◆ Aim of the task
Given these entries, repeat exactly the lines starting with the one that has "铁线莲:是毛茛科铁线莲属草质" and going on through the one that has "This bingo card", both included, but none of the pictures.

◆ Listed entries
%%

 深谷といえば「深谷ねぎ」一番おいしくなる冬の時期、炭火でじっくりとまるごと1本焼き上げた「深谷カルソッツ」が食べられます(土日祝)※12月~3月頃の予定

%%
%%

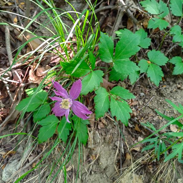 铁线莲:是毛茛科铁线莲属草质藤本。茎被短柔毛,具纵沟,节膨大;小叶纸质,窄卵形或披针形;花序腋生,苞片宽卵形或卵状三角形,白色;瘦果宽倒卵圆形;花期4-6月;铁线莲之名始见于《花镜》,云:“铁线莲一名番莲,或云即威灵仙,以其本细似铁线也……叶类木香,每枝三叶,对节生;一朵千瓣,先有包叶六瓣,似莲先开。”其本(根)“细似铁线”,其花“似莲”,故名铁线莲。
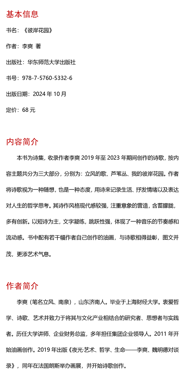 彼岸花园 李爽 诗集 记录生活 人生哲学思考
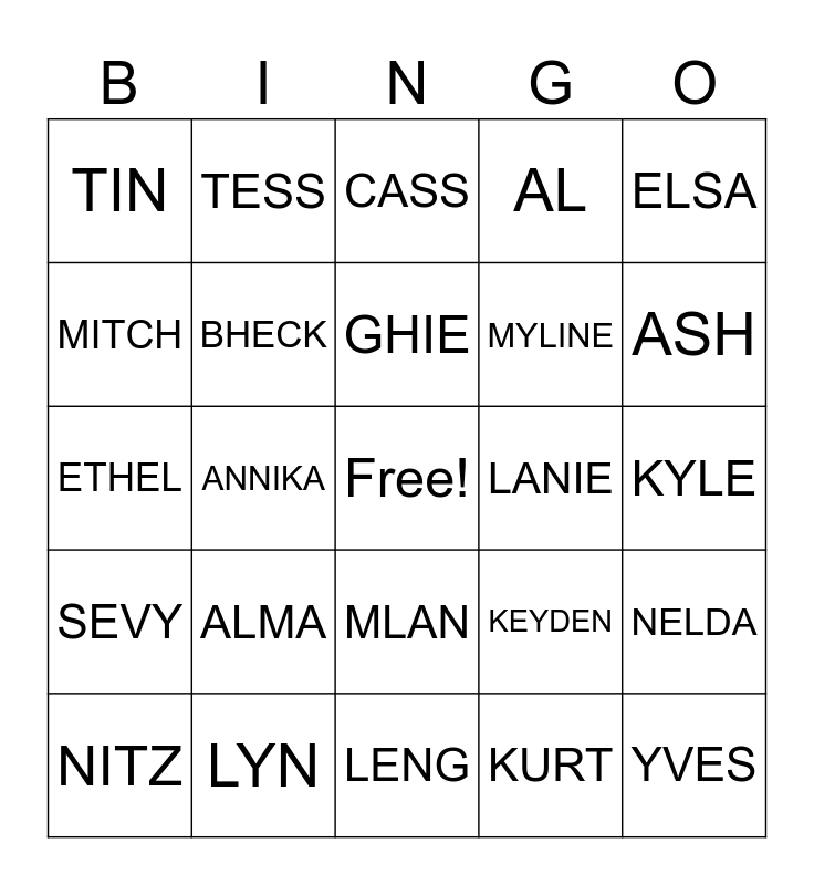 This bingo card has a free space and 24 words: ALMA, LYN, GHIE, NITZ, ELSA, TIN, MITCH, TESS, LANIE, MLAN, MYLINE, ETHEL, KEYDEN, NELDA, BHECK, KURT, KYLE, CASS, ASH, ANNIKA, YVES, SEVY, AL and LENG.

%%

◆ Solved exercise
 铁线莲:是毛茛科铁线莲属草质藤本。茎被短柔毛,具纵沟,节膨大;小叶纸质,窄卵形或披针形;花序腋生,苞片宽卵形或卵状三角形,白色;瘦果宽倒卵圆形;花期4-6月;铁线莲之名始见于《花镜》,云:“铁线莲一名番莲,或云即威灵仙,以其本细似铁线也……叶类木香,每枝三叶,对节生;一朵千瓣,先有包叶六瓣,似莲先开。”其本(根)“细似铁线”,其花“似莲”,故名铁线莲。
 彼岸花园 李爽 诗集 记录生活 人生哲学思考
 This bingo card has a free space and 24 words: ALMA, LYN, GHIE, NITZ, ELSA, TIN, MITCH, TESS, LANIE, MLAN, MYLINE, ETHEL, KEYDEN, NELDA, BHECK, KURT, KYLE, CASS, ASH, ANNIKA, YVES, SEVY, AL and LENG.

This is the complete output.